Evans & Sutherland ES-1
The ES-1 was Evans & Sutherland's abortive attempt to enter the supercomputer market. About to be released just as the market was drying up in the post-cold war military wind-down, only a handful were built and only two sold.
Background
Jean-Yves Leclerc was a computer designer who was unable to find funding in Europe for a high-performance server design. In 1985 he visited Dave Evans, his former PhD. adviser, looking for advice. After some discussion he eventually convinced him that since most of their customers were running E&S graphics hardware on Cray Research machines and other supercomputers, it would make sense if E&S could offer their own low-cost platform instead. Eventually a new Evans & Sutherland Computer Division, or ESCD, was set up in 1986 to work on the design. Unlike the rest of E&S's operations which are headquartered in Salt Lake City, Utah, it was felt that the computer design would need to be in the "heart of things" in Silicon Valley, and the new division was set up in Mountain View, California.
Basic design
8 × 8 crossbar
The basic idea of Leclerc's system was to use an 8×8 crossbar switch to connect eight custom CMOS CPUs together at high speed. An extra channel on the crossbar allowed it to be connected to another crossbar, forming a single 16-processor unit. The units were 16-sized (instead of 8) in order to fully utilize a 16-bank high-speed memory that had been designed along with the rest of the system. Since memory was logically organized on the "far side" of the crossbars, the memory controller handled many of the tasks that would normally be left to the processors, including interrupt handling and virtual memory translation, avoiding a trip through the crossbar for these housekeeping tasks.

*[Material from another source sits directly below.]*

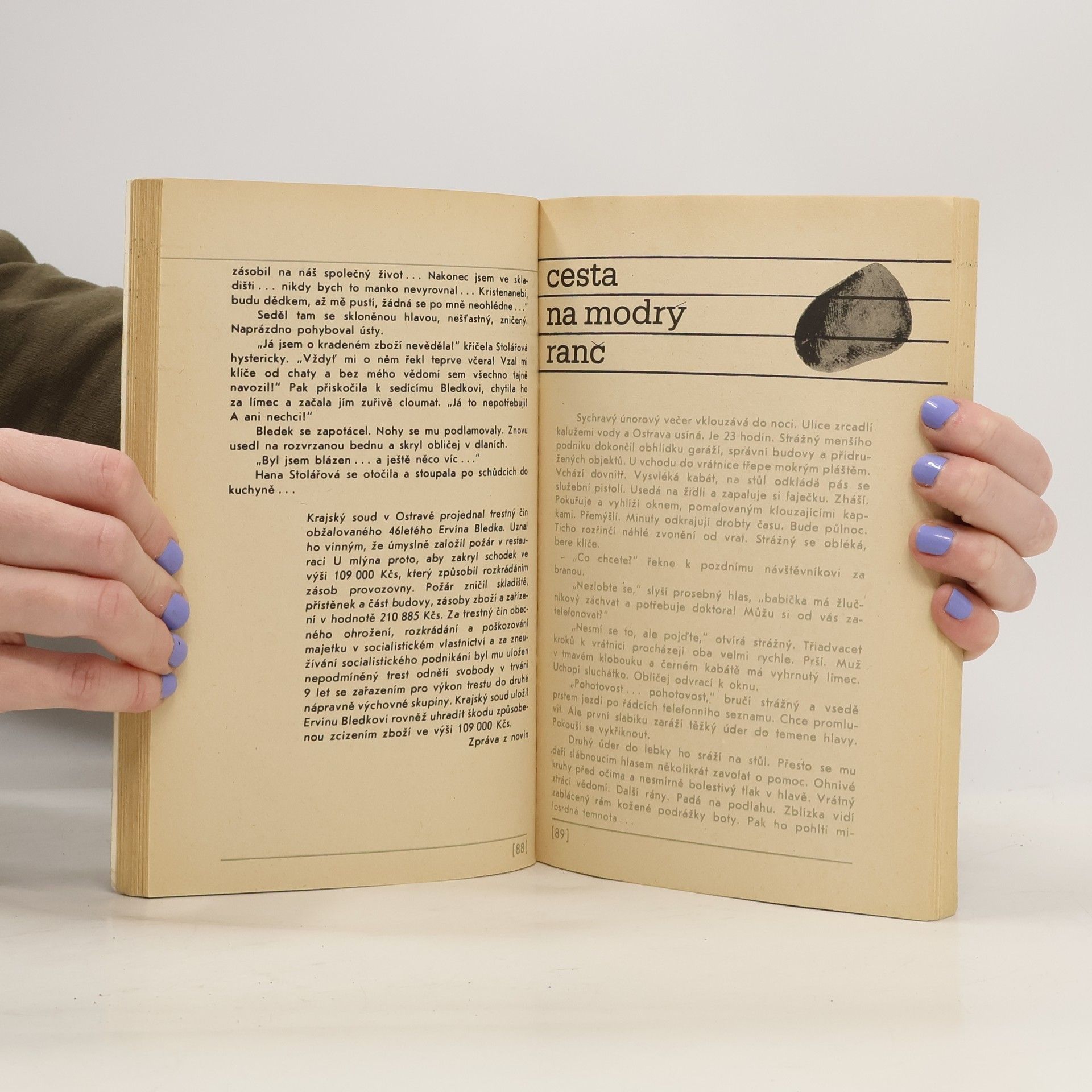 Kriminální povídky. Všechny popisované případy se přihodily v okolí Ostravy.Od krádeže vloupáním až po chladnou vraždu, to je tematický rozsah kriminálních povídek Jaroslava Netoličky. A mezi těmito trestnými činy se odehrává řada dalších desíti příběhů, jejichž společným jmenovatelem je lidská slabost, touha po bezpracném životě, cynismus ve vztahu k druhým, zneužití milostného citu osamělých žen, velikášství a především lidská lhostejnost, umožňující lidem z Netoličkových povídek žít na konto jiných.Všechny příběhy z této knížky se staly na území jednoho velkého průmyslového města, všemi se zabývaly bezpečnostní orgány a všichni pachatelé byli dopadeni. Znamená to tedy, že druhou linií Netoličkových próz je obraz každodenní práce Bezpečnosti, obraz důsledného ohledávání stop, objasňování motivů, prověřování stovek indicií, vedoucích nakonec k cíli: ochraně společnosti, jejímiž jsme všichni členy.Seznam povídek:Doktor má alibiVdovec z EfesuJedenáctka se třemi náhradníkyDocela obyčejný případCesta na modrý rančPoznání nad remingtonkouGeniální krádežKuřátko přináší smůluVlak měl minutu zpožděníPříliš tajné kontoHochštaplerKobra se zelenýma očima

The resulting 16-unit processor/memory blocks could then be connected using another 8×8 crossbar, creating a 128-processor machine. Although the delays between the 16-unit blocks would be high, if the task could be cleanly separated into units the delay would not have a huge effect on performance. When data did have to be shared across the banks the system balanced the requests; first the "leftmost" processor in the queue would get access, then the "rightmost". Processors added their requests onto the proper end of the queue based on their physical location in the machine. It was felt that the simplicity and speed of this algorithm would make up for the potential gains of a more complex load-balancing system.
Instruction pipeline
In order to allow the system to work even with the high inter-unit latencies, each processor used an 8-deep instruction pipeline. Branches used a variable delay slot, the end of which was signaled by a bit in the next instruction. The bit indicated that the results of the branch had to be re-merged at this point, stalling the processor until this took place. Each processor also included a floating point unit from Weitek. For marketing purposes, each processor was called a "computational unit", and a card-cage populated with 16 was referred to as a "processor". This allowed favorable per-processor performance comparisons with other supercomputers of the era.
The processors ran at 20 MHz in the integer units and 40 MHz for the FPUs, with the intention being to increase this to 50 MHz by the time it shipped. At about 12 Mflops peak per CU, the machine as a whole would deliver up to 1.5 Gflops, although due to the memory latencies this was typically closer to 250 Mflops. While this was fast for a CMOS machine processor of the time, it was hardly competitive for a supercomputer. Nevertheless the machine was air cooled, and would have been the fastest such machine on the market.
The machine ran an early version of the Mach kernel for multi-processor support. The compilers were designed to keep the processors as full as possible by reducing the number of branch delay slots, and did a particularly good job of it.
Fatal flaw
Unfortunately the new leftmost-rightmost algorithm had a fatal flaw. In high-contention cases the "middle" units would never be serviced, and could stall for thousands of cycles. By 1989 it was clear this was going to need a redesign, but by this point other machines with similar price/performance ratios were coming on the market and the pressure was on to ship immediately. The first two machines were shipped to Caltech and the University of Colorado at Boulder in November 1989, but there were no other immediate sales. One sample ES-1 is in storage at the Computer History Museum.
Evans resigned from the E&S board in 1989, and suddenly the votes turned against continuing the project. E&S looked for a buyer who was interested in continuing the effort, but finding none they instead closed the division in January 1990.
References
- Robert Schreiber and Horst D. Simon, "Towards the Teraflops Capability for CFD," in Parallel CFD—Implementations and Results Using Parallel Computers, edited by Horst D. Simon, Scientific and Engineering Computation Series, MIT Press, Cambridge, Mass., 1992, pp. 313–341. Cites 6 made.